Lasius niger escapes. Why is it Always Lasius niger?

Lasius niger

Sigh! Here we go again!  More Lasius niger escapes. I have said it many times in the past, and I am saying it again.  Those Lasius niger have to be the naughtiest ant species I have ever experienced.  I could have 100 different species in their respective ant farms, and I can almost guarantee that the only ones that will manage to escape would be Lasius niger.

What’s wrong, Myrm? Another escape?

Yes, another escape. I was conducting my daily checks on my three ant farms when I noticed a small Lasius niger worker running about on the worktop where the ant farms are located.  Then I saw another … and another … and another!  Then I saw about twelve of them.
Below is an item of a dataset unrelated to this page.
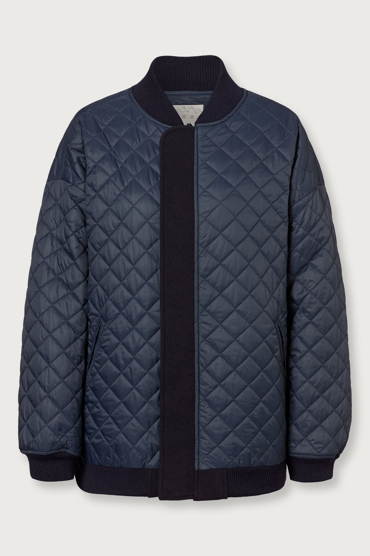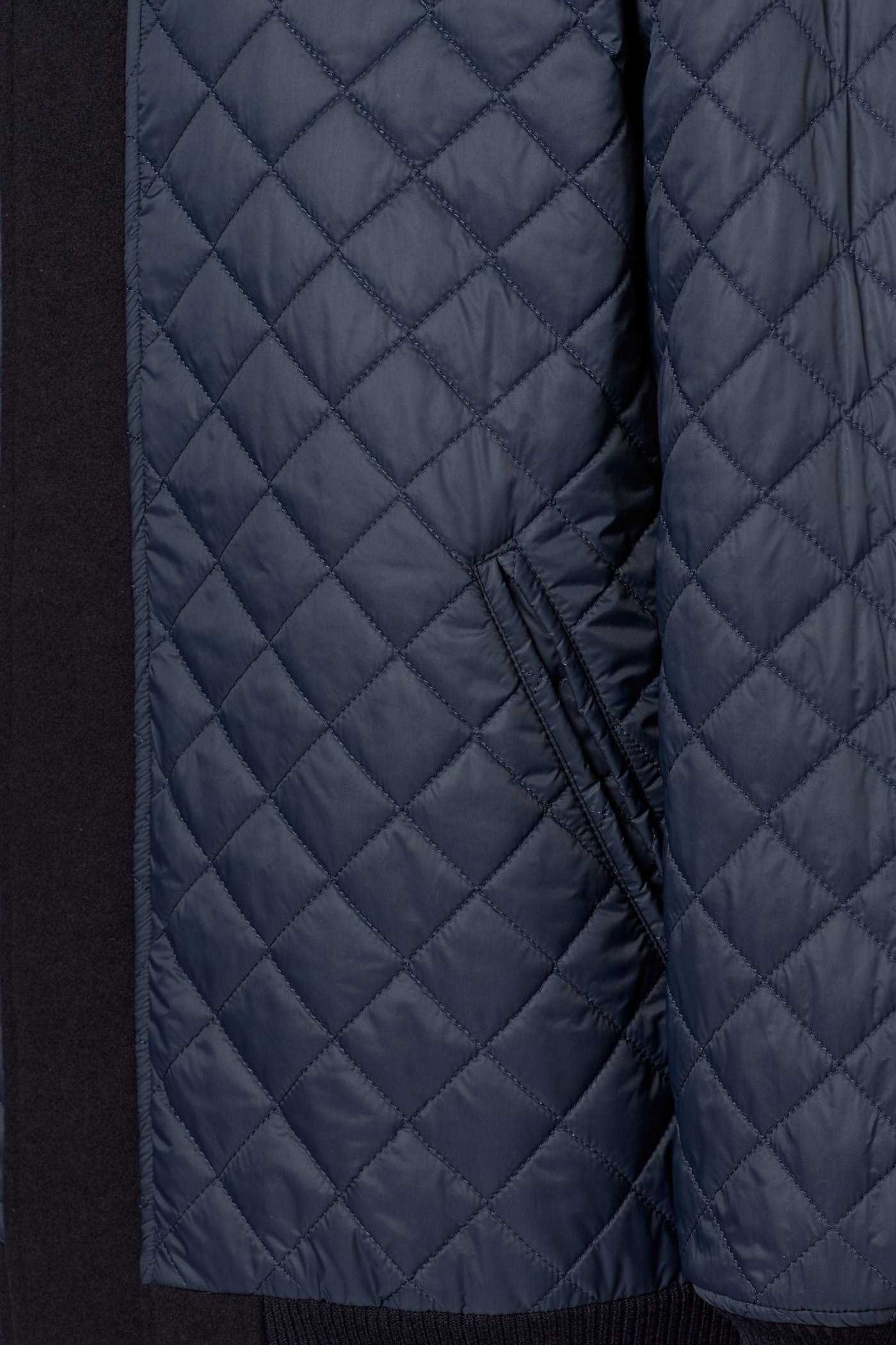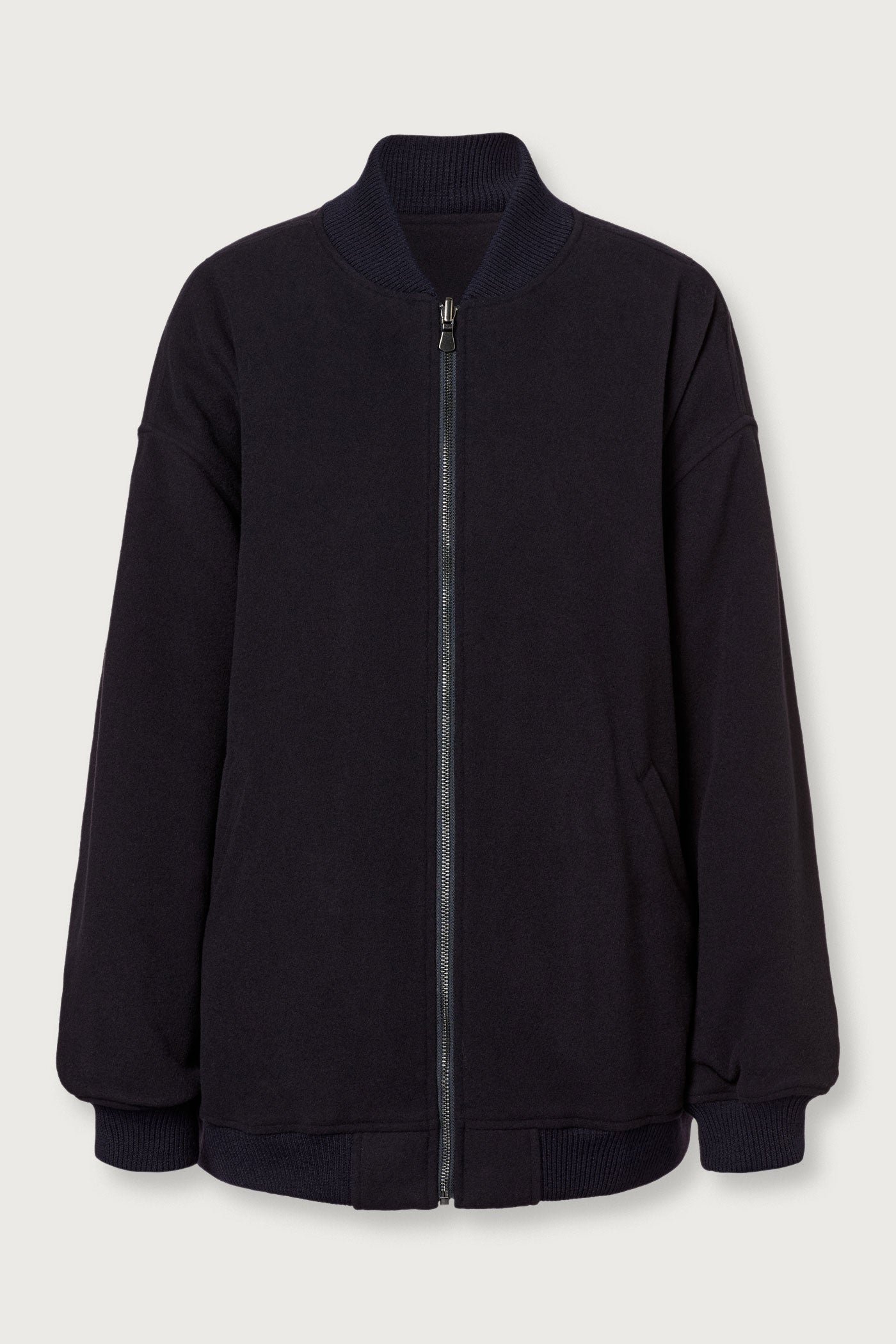 Reversible padded bomber jacket with a relaxed fit, featuring a front zip closure and raglan sleeves. It has two welt pockets on both sides. One side is crafted in compact virgin wool fabric, while the other side is quilted for extra warmth and style versatility. The jacket is finished with ribbed edges for a comfortable and snug fit. Made in Italy.

These ants are naughtier than Australian BLs!

I managed to get them all back into the ant farm.  I then reapplied the insect repellent escape barrier, as I hadn’t done so for a while, and, of course, the ants were able to get out.  My fault really.   The last time I put some on I had very little of the cream left, and I did intend to order some more.  But I forgot.  Fortunately, I had enough left to apply a thin layer of the barrier.  Now I have to get some more, and pretty quickly too.  With all the hot weather we have been having lately, the barrier was able to dry out a lot quicker. This resulted in Lasius niger escapes. Always ensure you re-apply any liquid barriers that you use, especially during long periods of hot weather.

insect repellent
This is the insect repellent I use to prevent my ants from escaping. It does work, it’s just that I sometimes forget to re-apply it.

Lasius umbratus

At long last they have fully moved into their new nesting box.  Though most, including the queen, had moved into the new nesting box, there were 20 or 30 workers who stubbornly refused to move out of the old box.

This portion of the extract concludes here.